# [Task prompt]
The result should be the full listing copied exactly, with no pictures in it.

# [Dataset section]
----
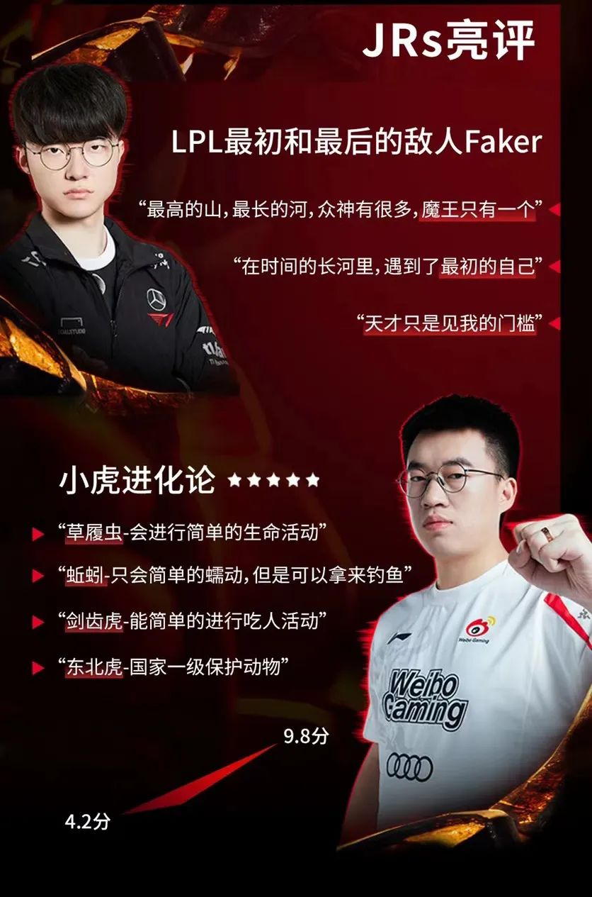 欧阳玄:首先在虎扑我们不会去区分传统体育用户和电竞用户,我们统一的都称为赛事用户或者竞技体育用户,只不过是这批JRs在电竞板块里更能体现出他们的创意和幽默感,能够灵活运用各种比喻或黑色幽默,让人眼前一亮;只能说这种有趣的创新力不仅体现在评论里,也体现了JRs对游戏和赛事的独特理解能力。
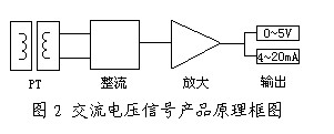 交流信號又分為交流電壓和電流信號。圖1為交流電流信號的檢測原理框圖,圖2為交流電壓信號的檢測原理框圖,由CT和PT對信號進(jìn)行隔離,電流為穿孔輸入方式,電壓為端子接線輸入方式。
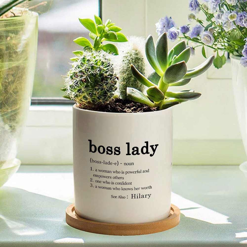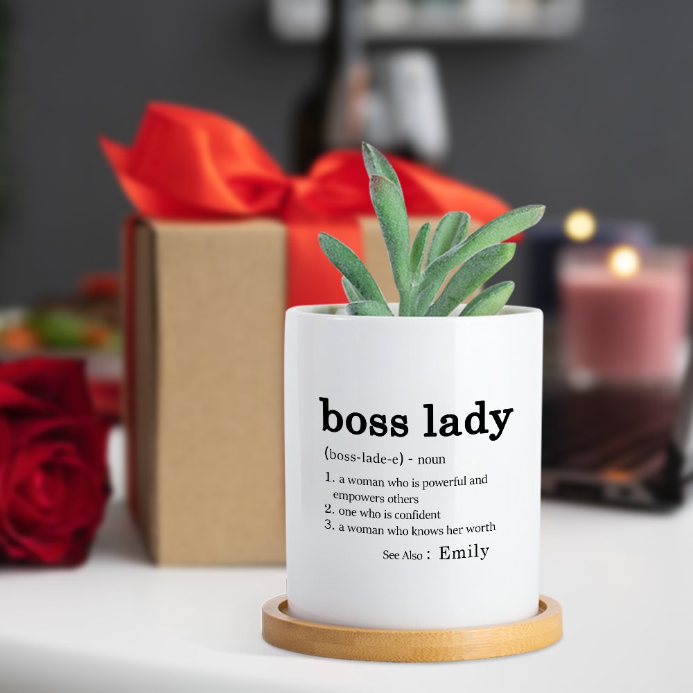 Add a personal touch by customizing the pot with the female boss's name, which makes it an extra-special gift that highlights her unique role as a leader and shows your appreciation for her hard work and achievements.
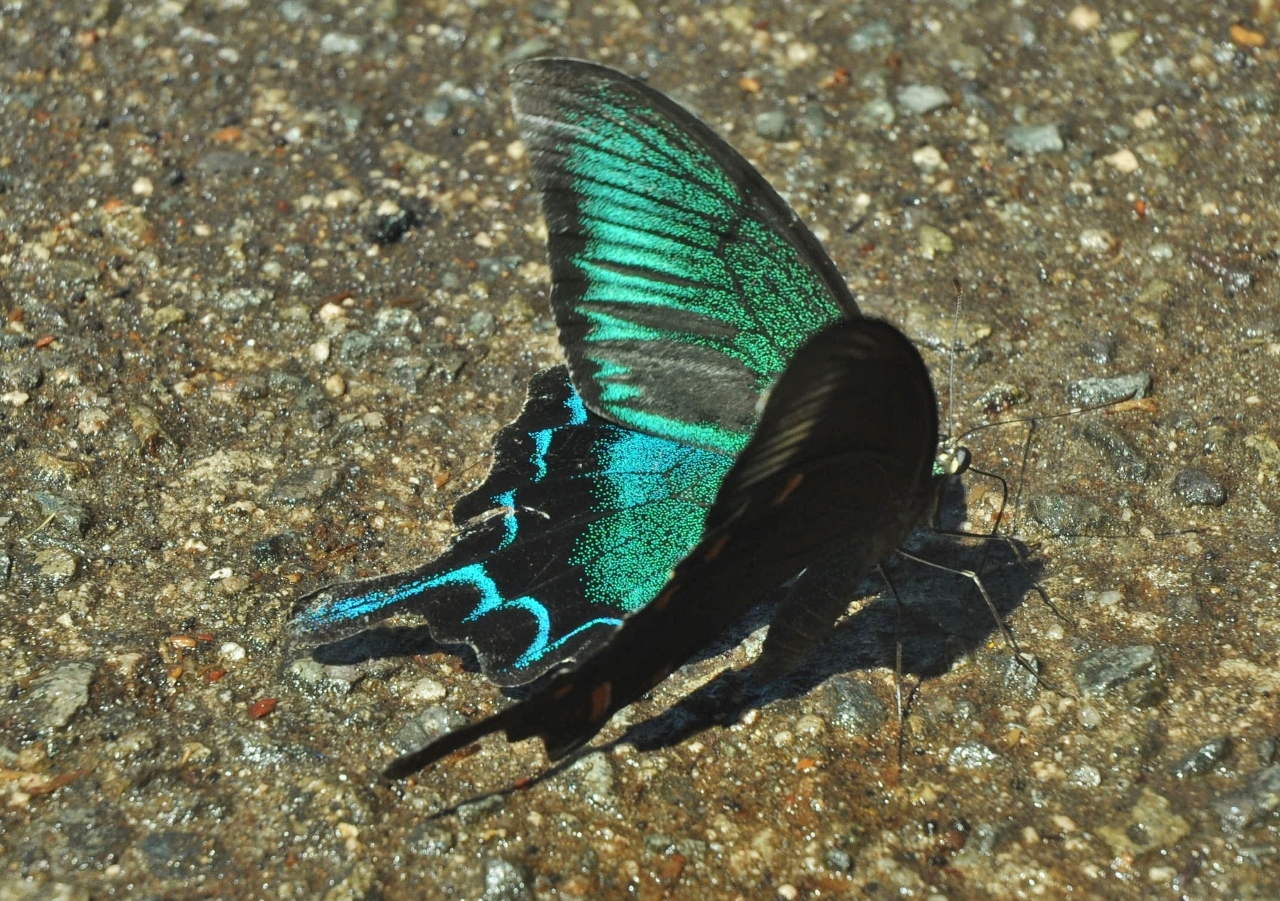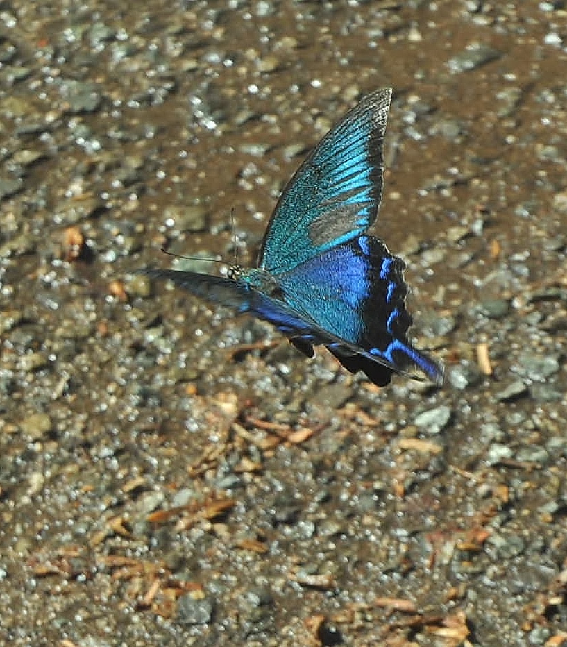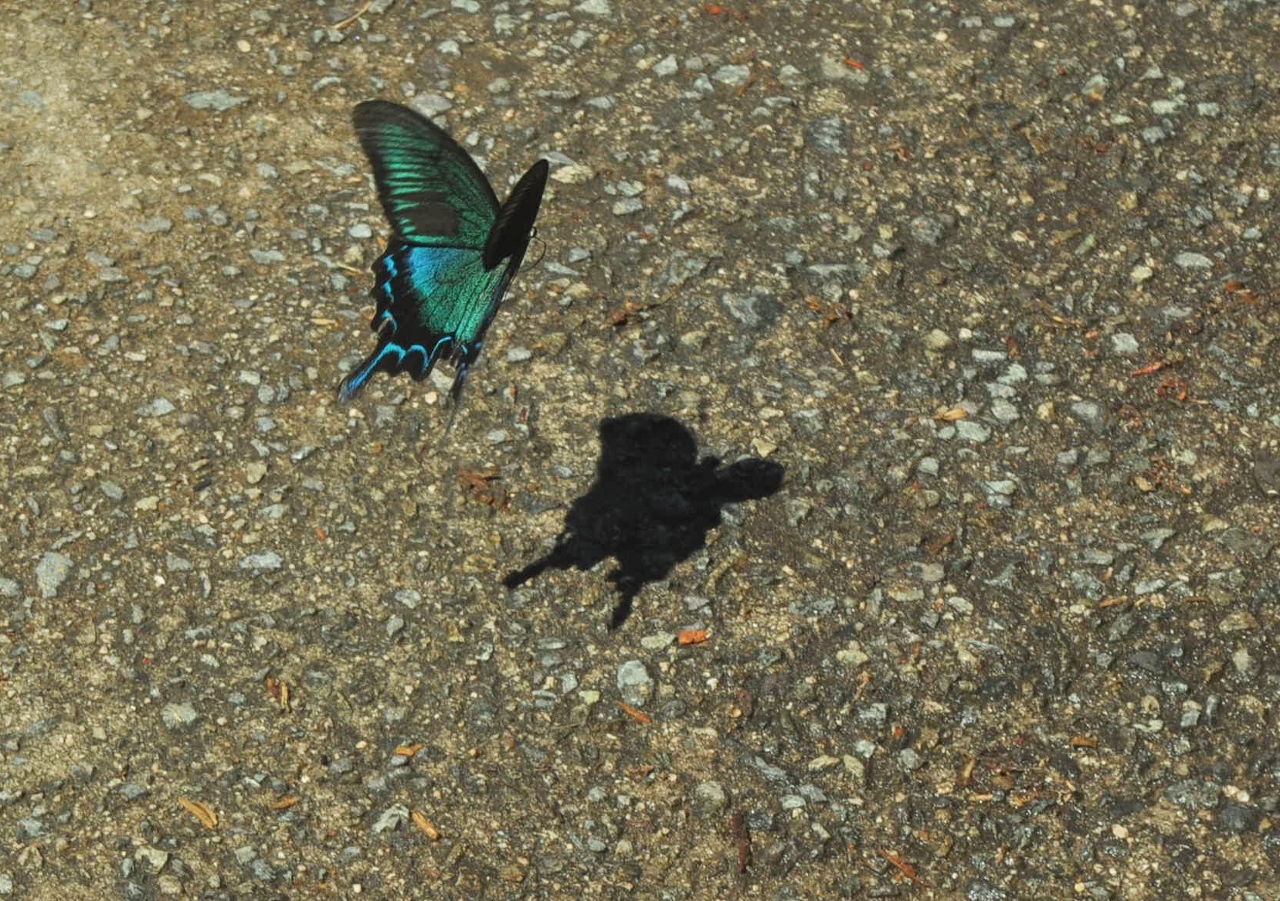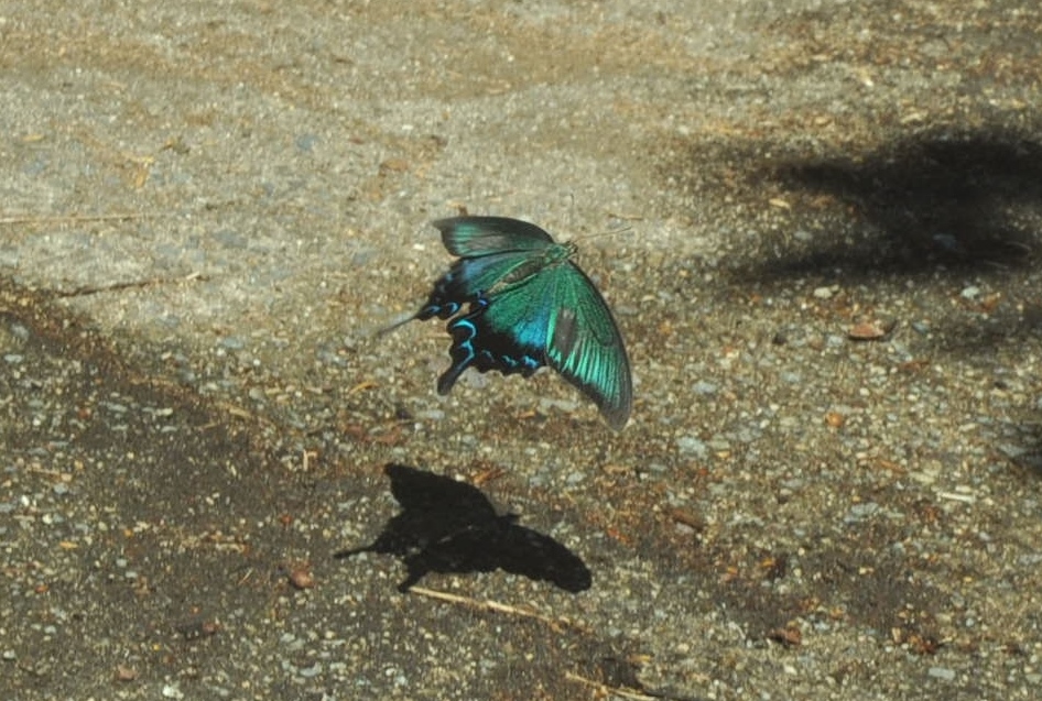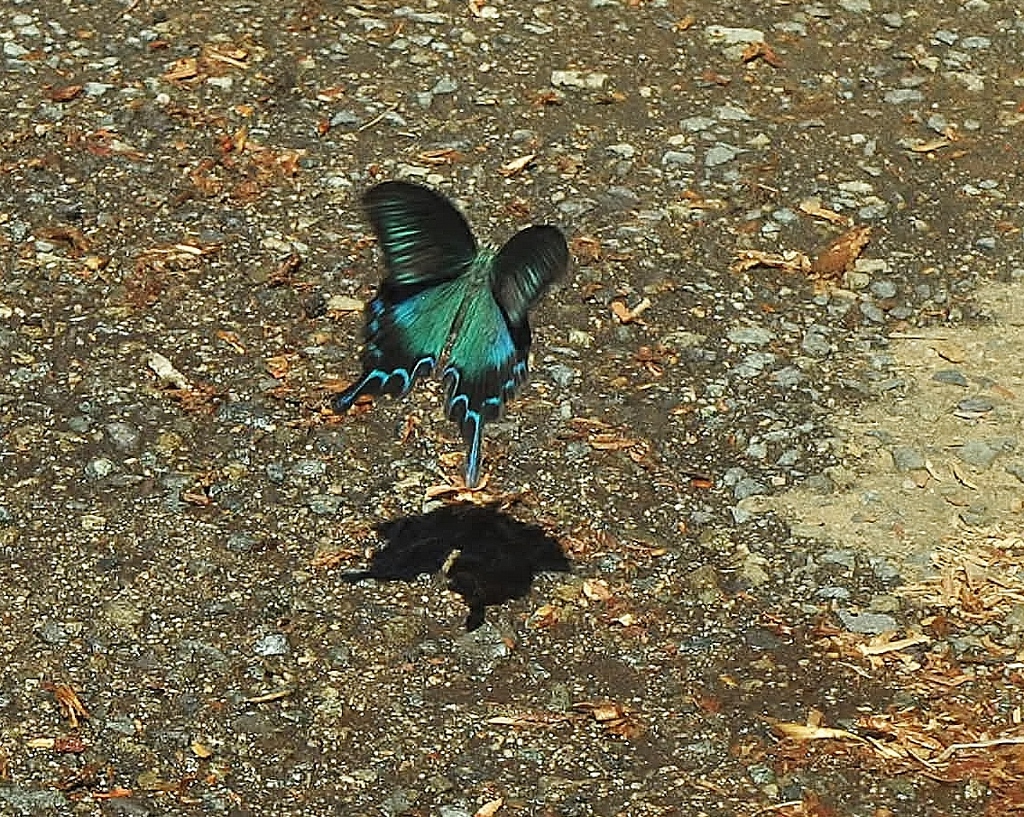 *地面に撒いた風呂の水にカラスアゲハが舞う。その羽を広げた時に見せる色彩に目を奪われ、しばしカメラで追い回す。(7/95枚)
----
# [Answer area]
 欧阳玄:首先在虎扑我们不会去区分传统体育用户和电竞用户,我们统一的都称为赛事用户或者竞技体育用户,只不过是这批JRs在电竞板块里更能体现出他们的创意和幽默感,能够灵活运用各种比喻或黑色幽默,让人眼前一亮;只能说这种有趣的创新力不仅体现在评论里,也体现了JRs对游戏和赛事的独特理解能力。
 交流信號又分為交流電壓和電流信號。圖1為交流電流信號的檢測原理框圖,圖2為交流電壓信號的檢測原理框圖,由CT和PT對信號進(jìn)行隔離,電流為穿孔輸入方式,電壓為端子接線輸入方式。
 Add a personal touch by customizing the pot with the female boss's name, which makes it an extra-special gift that highlights her unique role as a leader and shows your appreciation for her hard work and achievements.
 *地面に撒いた風呂の水にカラスアゲハが舞う。その羽を広げた時に見せる色彩に目を奪われ、しばしカメラで追い回す。(7/95枚)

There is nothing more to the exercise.